Top-level baseball league

The Nicaraguan Professional Baseball Association (Asociación Profesional de Béisbol Nicaragüense or APBN), also known as the Campeonato Claro for sponsorship purposes, is the highest level of professional baseball in Nicaragua.

Professional baseball in the country began in 1956 and ran until 1967. For much of the late 20th century, professional baseball was supplanted by the amateur Germán Pomares Championship, until the reestablishment of the Nicaraguan Professional Baseball League (Liga de Béisbol Profesional Nacional or LBPN) in 2004. Since then, Bóer has led the league in championships with six, their most recent victory coming in the 2022–23 season. In 2025, the LBPN was dissolved by the Nicaraguan government and replaced by the APBN.

== History ==

Before the formation of the professional league, Nicaraguan baseball had long been played at the amateur level. However, the first club to sign a player to a professional baseball was San Fernando, signing several Cuban players for the 1955. The following year, the entire league embraced professionalism. The Nicaraguan professional league was formed in 1956, with five teams: Indios del Bóer, Cinco Estrellas, San Fernando, León, and Flor de Caña. Inaugurated on March 30, 1956 at the Estadio Nacional Anastasio Somoza (the site of the modern Estadio Nacional Soberanía), the first game was between San Fernando and Bóer. The first season was suspended in September 1956 due to the assassination of Anastasio Somoza García, but the tournament resumed in March 1957.

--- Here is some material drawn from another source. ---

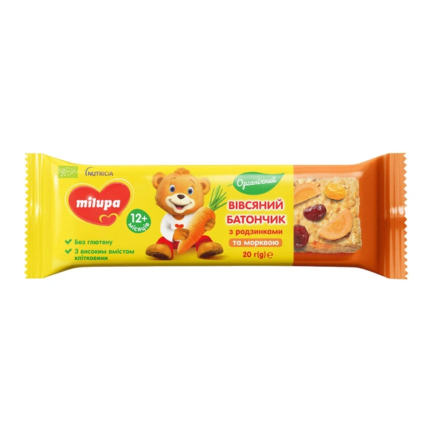 Батончик дитячий Milupa органічний вівсяний з родзинками та морквою від 12 міс. 20 г (4820226169239)
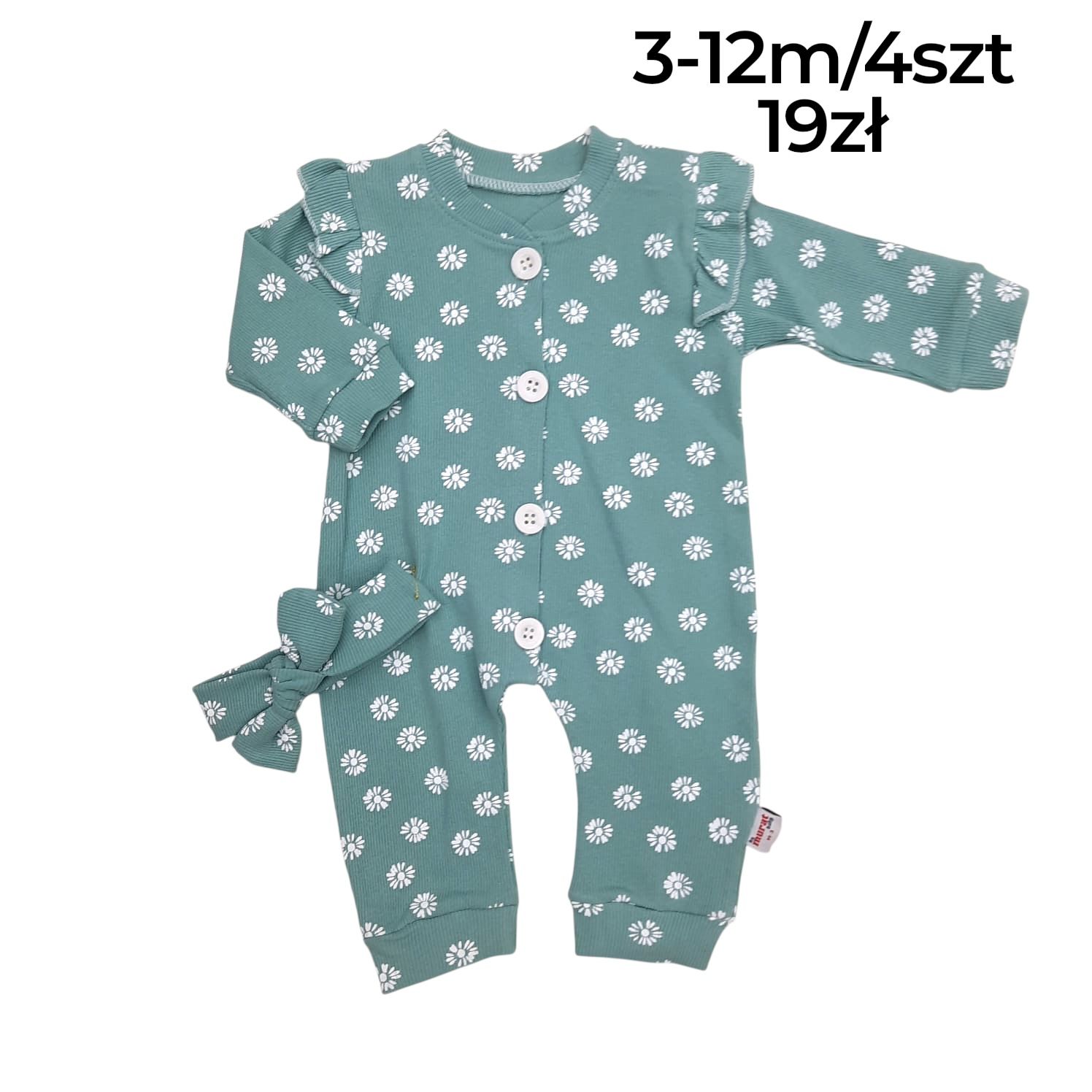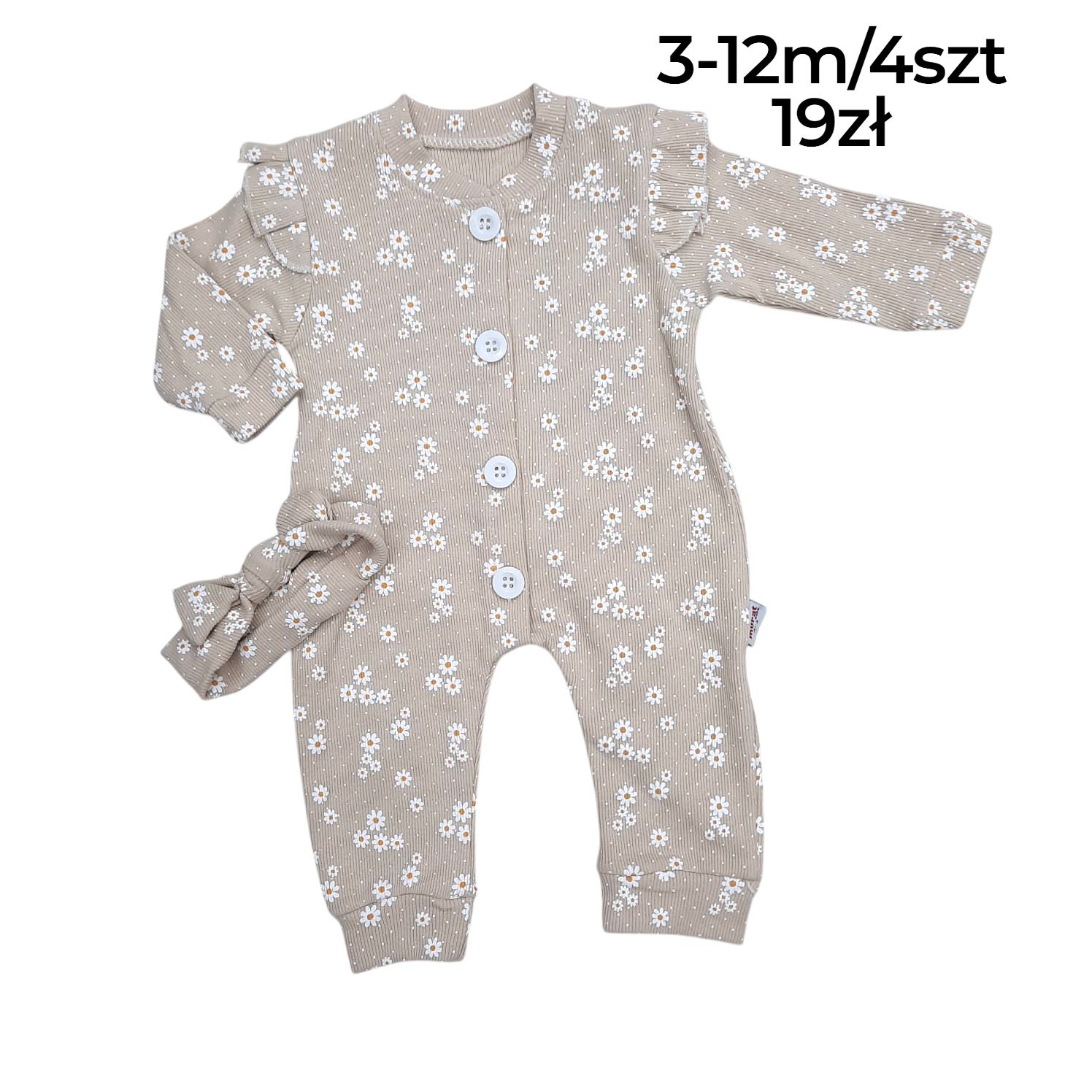 Prążkowany rampers z opaską w stokrotki

The league initially operated on a summer schedule, but was converted to a winter league when it agreed to join organized baseball in 1957. This agreement was facilitated by President Luis Somoza Debayle as part of a resolution between the Nicaraguan league and organized baseball, which accused the league of "raiding" players from Mexican League clubs.

The Nicaraguan public's excitement for baseball grew as foreign professional teams and foreign players came to play in their country's winter league circuit. The teams from Bóer and León were the most successful teams in those years with three championships each. Due to economic difficulties, the league had to shut down in 1967, though baseball continued to be played in an amateur format.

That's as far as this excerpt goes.